Neighbours got in a flap yesterday while I was out having Sunday lunch with Maggie; Harry was spotted out in the back lane - on the high back yard walls, to be precise - calling loudly, and no one was able to catch him or lure him down. Messages were left on my mobile, lying useless on the kitchen table, and on my answerphone. Harry has never been known to go out of his own yard without me, and, having a certain Billy Bunteresque build that doesn't lend itself to leaping in any direction, he has certainly never got over a very high wall whilst living here.
But when I arrived home, unaware of all the fuss, there he was, in the house, perky and pleased to see me; investigation suggests that he had got up onto the shed, and from there onto the wall, to roam unhindered, frightening the local populace who believe that he is on his deathbed and read all sorts of doom-laden portents into this sudden noisy appearance. I know he yowls loudly when we are out, but for anyone who doesn't know this, his mournful tone can be distinctly alarming. Sensibly, he made his way back home again after his adventure.

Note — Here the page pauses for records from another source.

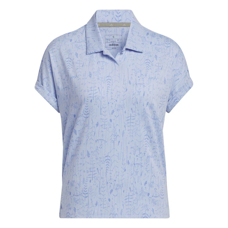 Voeg een vleugje stijl toe aan je spel. Dit adidas golfshirt voelt zacht aan en heeft genoeg stretch om u onbeperkt te laten spelen. Een op de natuur geïnspireerde allover graphic geeft het een opvallende look. Normale pasvorm
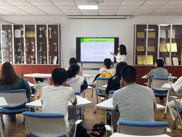 吴老师以“生物电化学技术及其应用”为主题,从生物电化学系统的概念和发展历程切入,详细介绍了阴、阳极微生物和电化学系统的一些构型,向同学们展示了生物电化学系统发展以来的卓越成果和广泛应用。
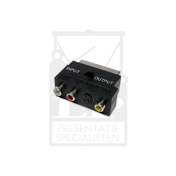 • Adapter 3x Cinch (AV) + S-Video naar Scart (volledig bedraad) • Met in/uit schakelaar •
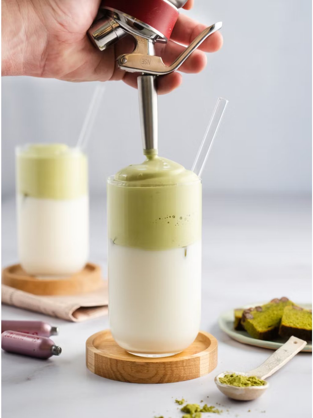 - Vytlačte perfektně nadýchanou šlehačku nebo pěnu přímo na pokrmy či nápoje.
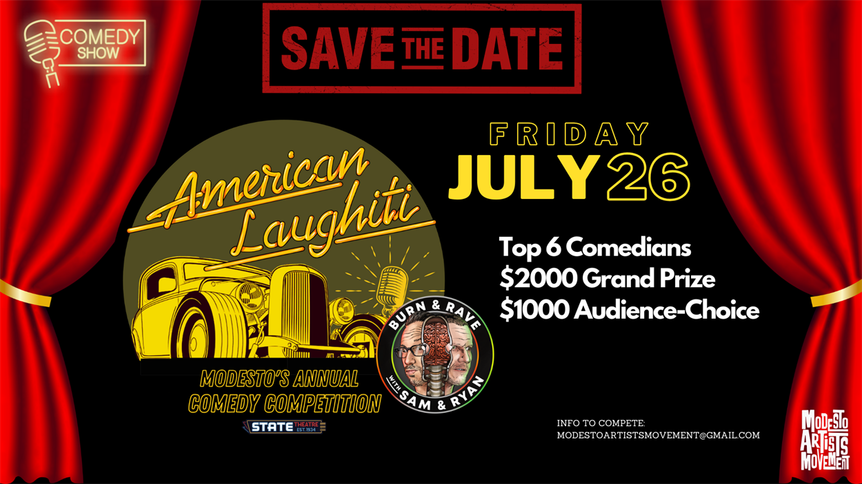 From the small town that brought you George Lucas and American Graffiti comes the coolest stand-up comedy show of the summer: American Laughiti: Modesto’s Annual Comedy Competition on Friday, July 26, 2024, featuring a $2000 Grand Prize and a $1000 Audience Choice Award!
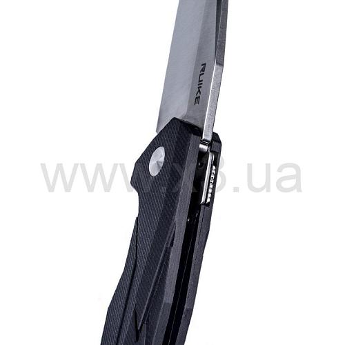 Рукоять модели Ruike P138 состоит из прочных стальных лайнеров и цельнолитых накладок из G10. Они имеют текстурированную поверхность за счёт чего нож не выскальзывает с ладони даже при намокании.
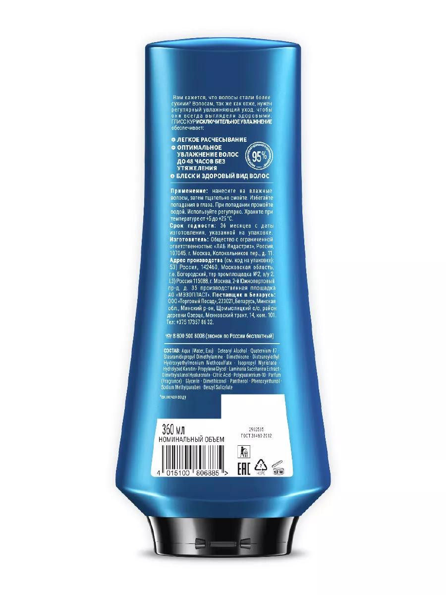 Бальзам Глисс Кур Исключительное увлажнение — это идеальный выбор для ухода за нормальными и склонными к сухости волосами. Этот продукт обеспечивает интенсивное увлажнение, легкость расчесывания и придает волосам здоровый блеск.

I can only think that the unexpected result of all that weight loss is a rediscovered ability to jump. But cats have secret lives, and for all I know, Harry's former portliness could well have been the result of midnight raids into other houses, and his leaping skills could have been kept well-hidden from spoilsport humans.
Melodrama of this type is not unknown in my house. Many years ago, we had a large lurcher who once got out of an upstairs window onto the bay window, terrifying passers-by by quivering (as lurchers tend to do, of course, being held together with piano wire) on the very edge, as if about to jump 20 feet into the street. A small crowd of elderly ladies had formed, anxiety fluttering, and the fire brigade was almost called, but we came home in time to haul the dog in and apologise for his imposition of half an hour of local terror. Kevin too, once a great acrobat, would often walk over bay windows and front door lintels, on one occasion getting stuck in an apple tree a long way down the street, and attempting to call the fire brigade himself with piercing cries.
So, let's hear it for the house tradition - yow, yow YOW!